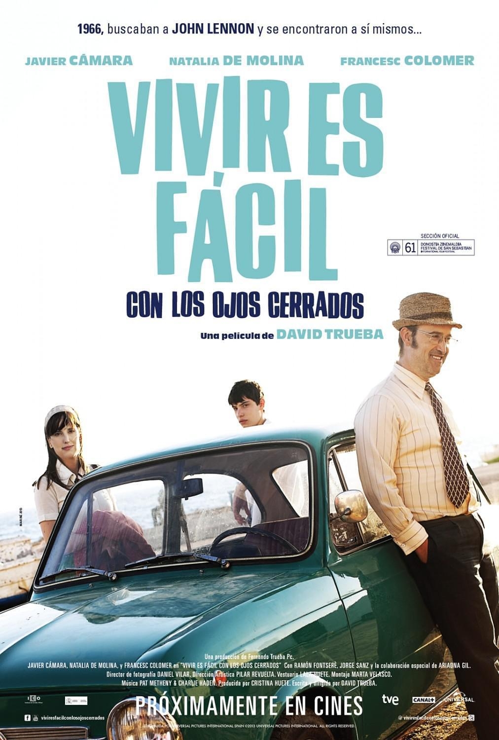 这个根据真实故事改编的影片背景发生在1966年,披头士乐队在西班牙南部城市阿尔梅里亚巡演时。“闭上眼睛活着很容易”是一句歌词,来源于列侬在这次西班牙巡演时谱写的披头士乐队的一首单曲:《Straberry field forever》(草莓园永恒),这部影片也是与他有关的影片,但是讲述的并不是他的故事,而是三位不同经历,不同出身的人想方设法去接近和探访约翰列侬的故事:一个狂热痴迷约翰列侬的奔赴披头士乐队巡演地的西班牙英语老师,一个年仅十六岁离家出走的男孩,一个怀有身孕同样也在逃避着什么的年轻女孩···他们在一起的旅途,会碰撞出什么样的火花和故事?而这部影片与约翰列侬又有着什么样的关系? 2014年西班牙戈雅奖最佳影片、最佳女演员 、最佳原创剧本。
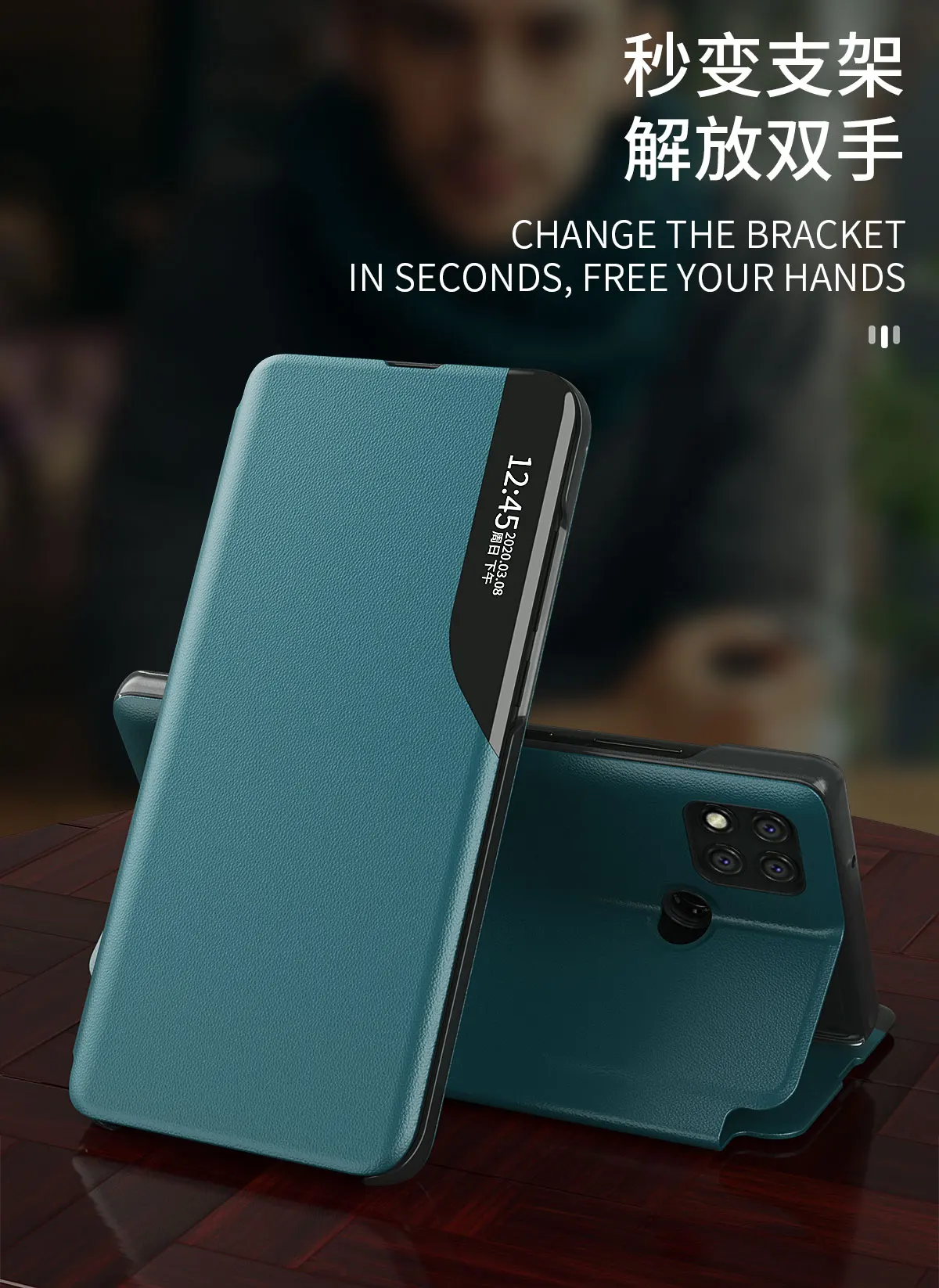 Кожаный магнитный флип-чехол с окошком для Xiaomi Mi 10 POCO X3 Redmi 9C NFC 9A Readmi Note 9s 9 8 Pro 8T
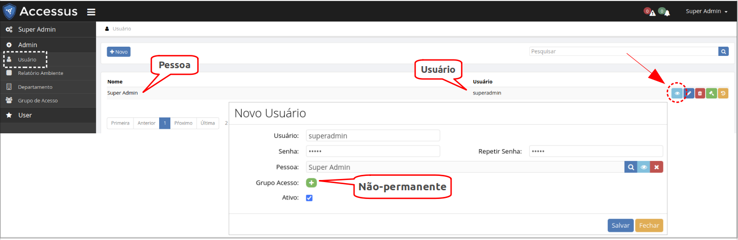 O Usuário Accessus está associado à Pessoa. Desta forma, note que existem itens importantes que merecem atenção ao cadastrar um Usuário.

### [PROBLEM REQUIREMENTS]
Both the line containing "Кожаный магнитный флип-чехол" and the last line of the listing above belong in the copy, along with every line between them; retype them exactly and omit the pictures.

### [RESULT OF THE TASK]
 Кожаный магнитный флип-чехол с окошком для Xiaomi Mi 10 POCO X3 Redmi 9C NFC 9A Readmi Note 9s 9 8 Pro 8T
 O Usuário Accessus está associado à Pessoa. Desta forma, note que existem itens importantes que merecem atenção ao cadastrar um Usuário.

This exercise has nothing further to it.